Note: This section synthesizes content and is drawn directly from The Implementation of Alternative Assessment Procedures and Washington State Reform (1998). Doctoral Dissertation, Seattle Pacific University, Dr. Duane B. Baker.
The traditional model of teaching and learning in the public schools is not adequate to prepare students for life in the 21st Century. This realization is the major catalyst for educational reforms we see today. Since the late 1980s, the American education system has been based on an approach that focuses on essential skills and knowledge. Standards are the fundamental abilities and understandings identified as necessary for successful adult citizens, and throughout the 1990s, standards became the basis for many school reform efforts. In 2002, President George W. Bush signed into law No Child Left Behind, mandating that all students be proficient in standards, and that proficiency be measured annually with standards-based assessments (U.S. Department of Education, 2002).
Annual assessments are not new. Before Standards, student achievement scores were distributed in a bell-shaped curve, with the 50th percentile being the acceptable standard. As our economy became more globalized, workers needed more skills and knowledge to remain competitive in the job market; the 50th percentile was no longer acceptable. Therefore, educational reform efforts moved away from academic proficiency being measured by norms (normal bell curve) to criteria standards that all students are expected to meet. Therefore, reform efforts demand that 100% of students be proficient, regardless of differences in ability or opportunity. For educators, this means the focus has to be on “student learning.” For all students to learn we cannot rely solely on curriculum and assessment alignment: Instruction must also be aligned with how students learn. In our new reform context, cognitive science and learning theory provide a foundation to maximize student learning.
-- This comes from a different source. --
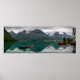 Impression d'une affiche d'un paysage avec deux vieux bateaux à rames dans un lac avec le reflet des montagnes dans l'eau calme à Hjelle Hotel, Hjelle, Stryn, Sogn og Fjordane, Norvège. C'est une photo panoramique, parfaite pour décorer son mur.
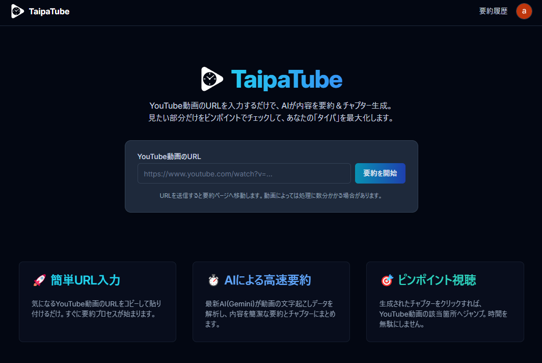 YouTube動画のURLを入力するだけで、AIが内容を要約&チャプター生成。 見たい部分だけをピンポイントでチェックして、あなたの「タイパ」を最大化します。 ※現在はFreeプランのみ利用可能です 🚀 簡単URL入力 気になるYouTube動画のURLをコピーして貼り付けるだけ。すぐに要約プロセスが始まります。 ⏱️ AIによる高速要約 最新AI(Gemini)が動画の文字起こしデータを解析し、内容を簡潔な要約とチャプターにまとめます。 🎯 ピンポイント視聴 生成されたチャプターをクリックすれば、YouTube動画の該当箇所へジャンプ。時間を無駄にしません。

Our work originates from primary research examining effective teaching and learning, generated over the last 15 years of standards-based, criterion-referenced, educational reform. A single variable, originally called the Constructivist Teaching Variable, correlated with student achievement and was the only variable that mitigated the effects of poverty (Abbott and Fouts, 2003). This powerful realization propelled development of the variable into a construct we call Powerful Teaching and Learning. When classroom practice manifested this construct, standardized test scores were higher, regardless of poverty (Baker, Gratama, Peterson, Thompson, 2010).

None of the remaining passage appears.